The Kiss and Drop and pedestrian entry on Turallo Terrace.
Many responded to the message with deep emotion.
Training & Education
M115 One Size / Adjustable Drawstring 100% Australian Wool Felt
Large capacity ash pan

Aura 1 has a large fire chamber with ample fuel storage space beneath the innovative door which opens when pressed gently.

---

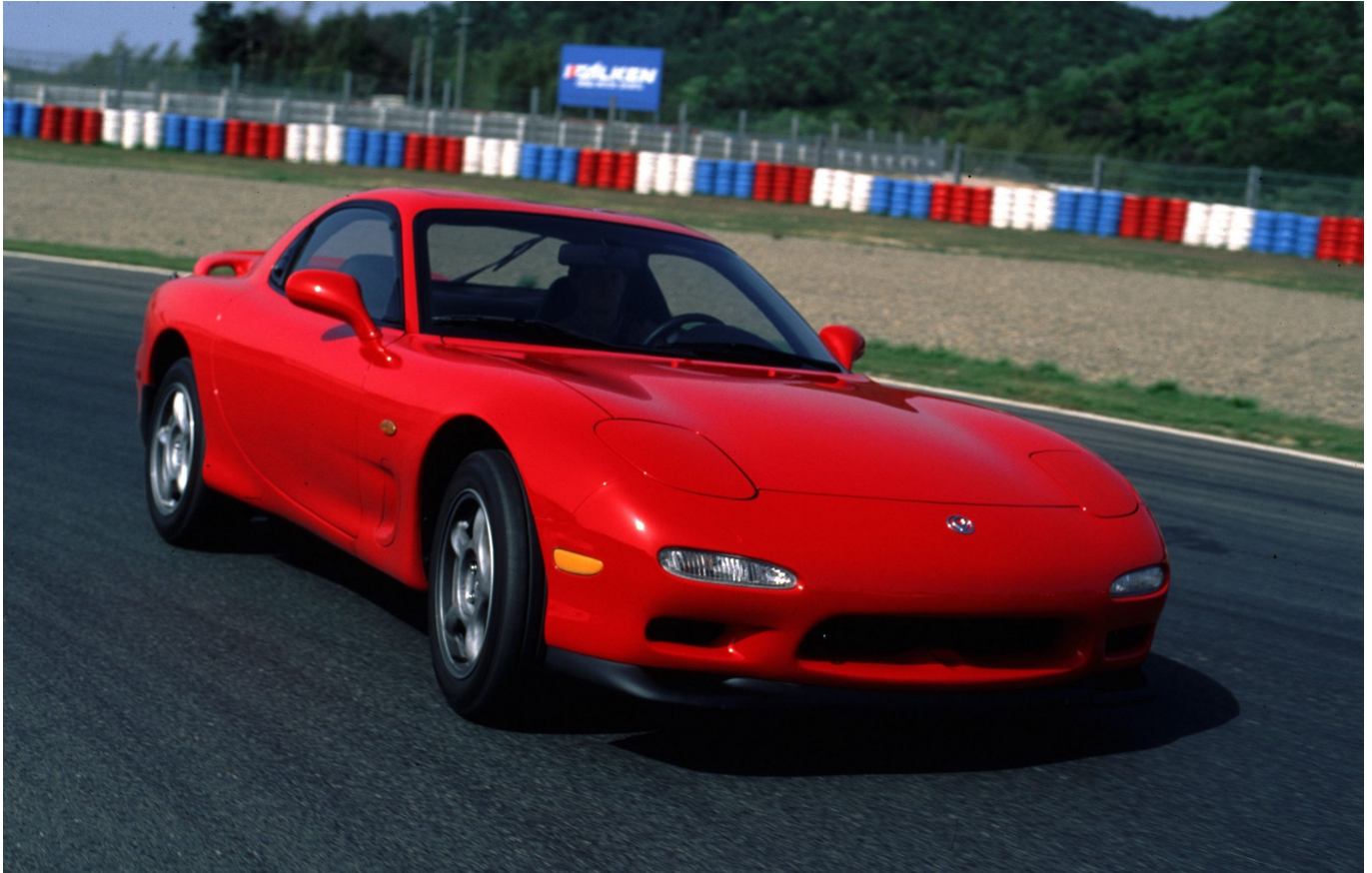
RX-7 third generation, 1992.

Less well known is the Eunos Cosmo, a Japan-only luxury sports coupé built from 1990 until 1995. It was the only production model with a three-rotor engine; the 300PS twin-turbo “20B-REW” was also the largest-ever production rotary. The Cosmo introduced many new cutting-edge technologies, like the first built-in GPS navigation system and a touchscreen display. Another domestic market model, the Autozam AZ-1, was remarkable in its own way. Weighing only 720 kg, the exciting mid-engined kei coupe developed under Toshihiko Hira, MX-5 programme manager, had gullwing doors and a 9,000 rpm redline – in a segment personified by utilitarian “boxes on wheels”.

==

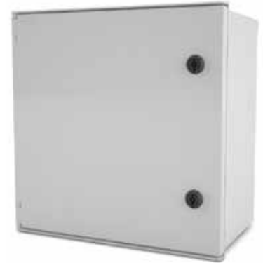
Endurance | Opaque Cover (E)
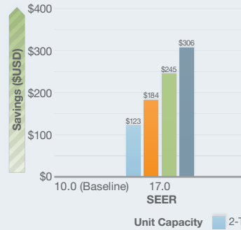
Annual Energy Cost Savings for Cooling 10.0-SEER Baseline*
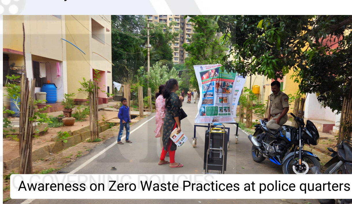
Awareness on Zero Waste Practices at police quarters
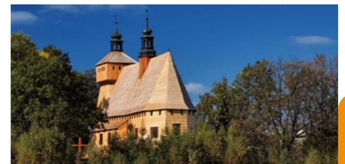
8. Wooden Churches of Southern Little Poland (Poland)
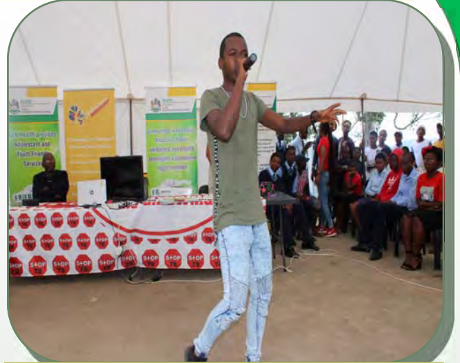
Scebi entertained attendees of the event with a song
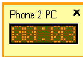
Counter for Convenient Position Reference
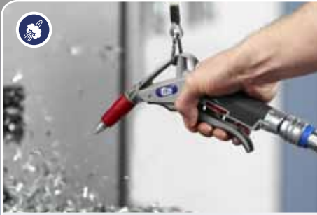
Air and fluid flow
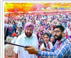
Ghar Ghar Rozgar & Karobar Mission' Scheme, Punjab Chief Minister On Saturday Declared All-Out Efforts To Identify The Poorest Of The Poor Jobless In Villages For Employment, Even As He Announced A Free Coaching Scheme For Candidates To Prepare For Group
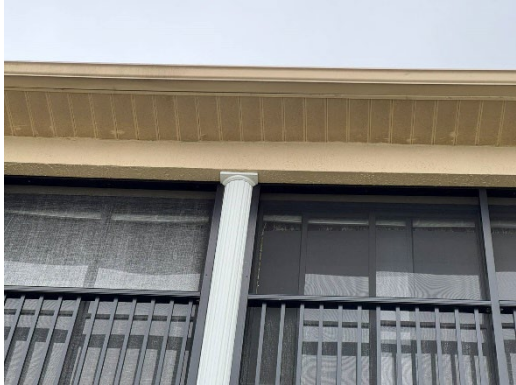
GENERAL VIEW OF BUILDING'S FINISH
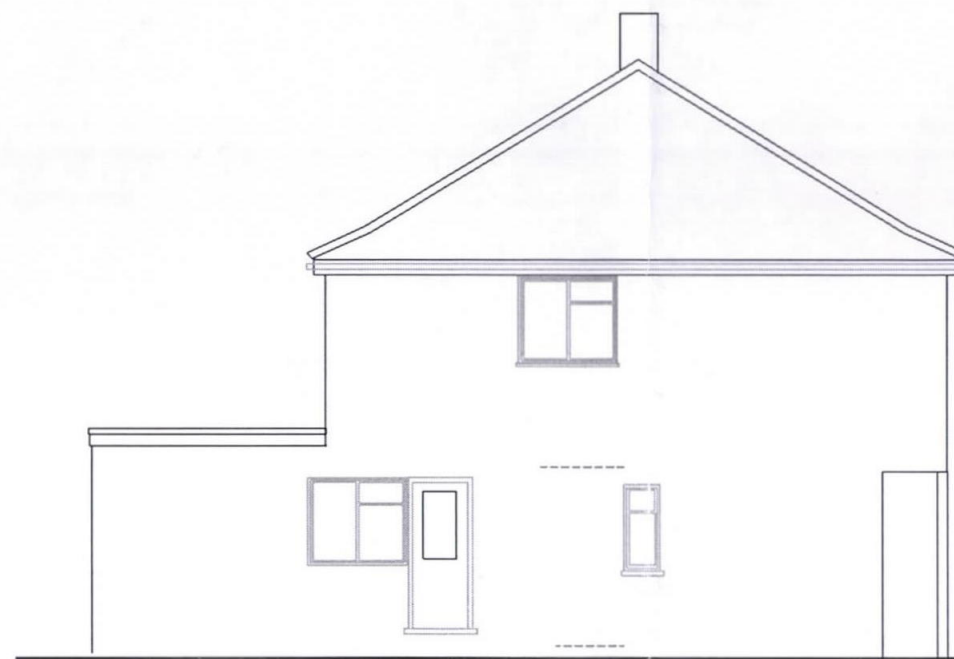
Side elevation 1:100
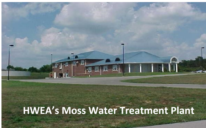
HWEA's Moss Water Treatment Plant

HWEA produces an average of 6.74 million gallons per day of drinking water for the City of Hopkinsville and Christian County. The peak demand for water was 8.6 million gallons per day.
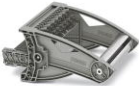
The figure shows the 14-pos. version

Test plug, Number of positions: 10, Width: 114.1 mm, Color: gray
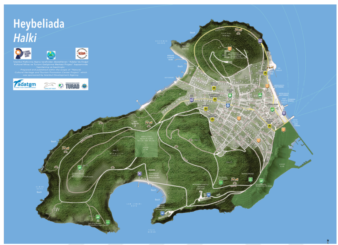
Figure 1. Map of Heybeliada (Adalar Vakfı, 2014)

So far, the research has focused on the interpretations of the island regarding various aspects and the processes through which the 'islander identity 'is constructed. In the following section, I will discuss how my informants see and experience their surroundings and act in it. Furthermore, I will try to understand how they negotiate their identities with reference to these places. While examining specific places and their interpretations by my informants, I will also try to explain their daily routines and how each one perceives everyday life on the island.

__How to complete this task__. Across the whole listing above, find every line with the string "HWEA" and copy it.

__Answer for this exercise__.
HWEA's Moss Water Treatment Plant
HWEA produces an average of 6.74 million gallons per day of drinking water for the City of Hopkinsville and Christian County. The peak demand for water was 8.6 million gallons per day.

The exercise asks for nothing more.